Certes, nous sommes alors dans les années 80 ², et le cinéma d’animation a élargi son public : Martin Rosen torture ses chiens en Angleterre, les séries nippones grouillent déjà de tirs et d’explosions… Mais la violence au cinéma est affaire de rapport, pas d’affichage : si elle a dans l’animation chinoise un tel impact, c’est parce qu’elle vient troubler l’harmonie inchangée de films pour bambins. Voir le jeune Nezha tout sourire, après avoir battu son dragon, en extraire le tendon pour danser avec tel un ruban, est quelque peu plus perturbant que les échanges armés des méchas japonais… Un certain sens de la cruauté va ainsi investir la production, se cristallisant en curieux leitmotivs, comme le suicide d’enfants : un garçon écrasé de culpabilité se jette dans le puits (Le Grillon, 1982), un autre s’offre aux flèches du chasseur pour faire diversion (Jiazi sauve les cerfs, 1985), Nezha s’égorge calmement pour sauver son père (Le Prince Nezha triomphe du dragon, 1979)… À l’image de la tâche de sang qui, dans Lan hua hua (1989), se répand sagement sur le vêtement d’un jeune homme immobile, les images traumatiques se baladent dans l’œuvre « comme si de rien n’était », sans que la narration n’acte pleinement de leur brutalité. Et ce jusqu’aux films pour tous petits : dans Petit renard (1984), le jeune animal invité dans la grotte du loup (qui veut en faire son allié) voit soudain son petit camarade lapin apparaître de sous un rocher, enchaîné, tentant de fuir le garde-manger avant qu’on ne l’y renferme précipitamment, comme un enfant échappé d’on ne sait quelle cave sordide.

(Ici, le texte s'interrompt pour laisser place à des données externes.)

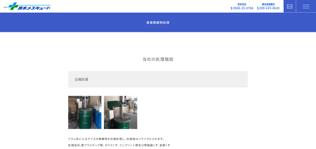 株式会社熊本メスキュードは、産業廃棄物および医療廃棄物の収集・運搬から中間処理まで一貫対応し、ゼロ・エミッションを目指しています。1998年設立以来、2000℃溶融処理システム「MESSCUD」を導入し、感染性廃棄物の安全処理にも実績があります。さらに、紙・プラスチック・金属など多様な廃棄物の圧縮・破砕・選別処理に対応(処理能力10〜9,504kg/日)。複数都府県での収集運搬許可を保有し、マニフェスト発行やエコアクション21認証で法令順守と安心の品質管理を実現しています。

Le statut flou des animaux n’est sans doute pas étranger à la facilité de ces glissements (animaux qui se feront d’ailleurs bien rares à la révolution culturelle, quand le cinéma refusera de souffrir la moindre ambigüité). Dans cette production peuplée de bestiaux, l’anthropomorphisme n’est pas affaire close : c’est un nuancier.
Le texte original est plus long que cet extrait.